[Your task]
Reproduce the lines below verbatim. Pictures are to be omitted.

*** Dataset content ***

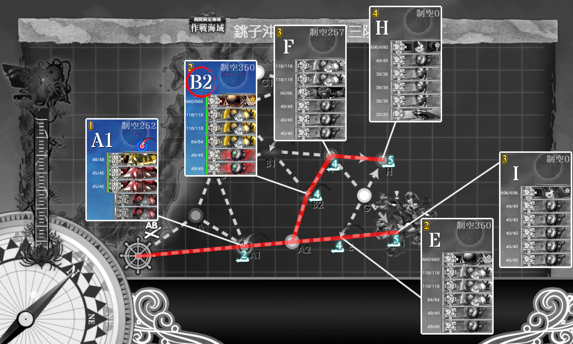 赤文字は海域拡張に必要な条件なので[決戦艦隊]札で削り,攻略をしたい場合は[#E5-4]開始時に着手すればok。
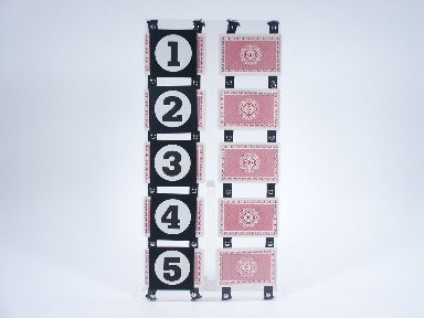 Based upon an effect of many years ago by Corinda this improvement is a clear plex board 15 3/4" high x 7 3/8" wide having bands of elastic which hold 10 cards and on one side of the board are numerals 1 through 5. Also included are 2 matching sets of ESP Cards 10 in all. One set is mixed and the magician places one card beside each number on the board back design to the audience. After this is done the remaining 5 ESP cards are mixed again and they are held one at a time also with backs facing the audience with magician asking what number each card should be placed underneath. After all the cards have been placed the board is turned around showing that two complete strangers have matched perfectly the 5 different ESP designs! Includes instructions. Condition very fine. | |
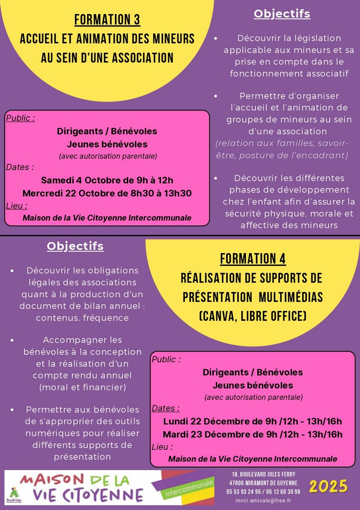 Les formations se déroulent dans les locaux de la Maison de la Vie Citoyenne Intercommunale et sont entièrement gratuites pour les bénévoles, qu’ils soient membres de bureau, élus au conseil d’administration, membres actifs, adhérents…
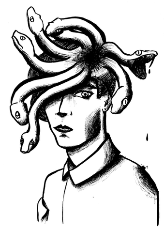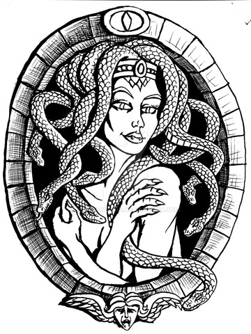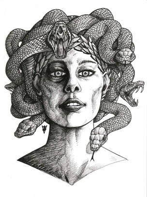 I think that Medusa may not be as ugly as the myths say - perhaps she is so beautiful that she stuns those who look at her. Â But, every time she gets close enough to someone to experience love, the snakes in her hair strike before they, or she, can stop it.Ink, 11 x 14 inches

*** End of Dataset content ***

[Answer box]
 赤文字は海域拡張に必要な条件なので[決戦艦隊]札で削り,攻略をしたい場合は[#E5-4]開始時に着手すればok。
 Based upon an effect of many years ago by Corinda this improvement is a clear plex board 15 3/4" high x 7 3/8" wide having bands of elastic which hold 10 cards and on one side of the board are numerals 1 through 5. Also included are 2 matching sets of ESP Cards 10 in all. One set is mixed and the magician places one card beside each number on the board back design to the audience. After this is done the remaining 5 ESP cards are mixed again and they are held one at a time also with backs facing the audience with magician asking what number each card should be placed underneath. After all the cards have been placed the board is turned around showing that two complete strangers have matched perfectly the 5 different ESP designs! Includes instructions. Condition very fine. | |
 Les formations se déroulent dans les locaux de la Maison de la Vie Citoyenne Intercommunale et sont entièrement gratuites pour les bénévoles, qu’ils soient membres de bureau, élus au conseil d’administration, membres actifs, adhérents…
 I think that Medusa may not be as ugly as the myths say - perhaps she is so beautiful that she stuns those who look at her. Â But, every time she gets close enough to someone to experience love, the snakes in her hair strike before they, or she, can stop it.Ink, 11 x 14 inches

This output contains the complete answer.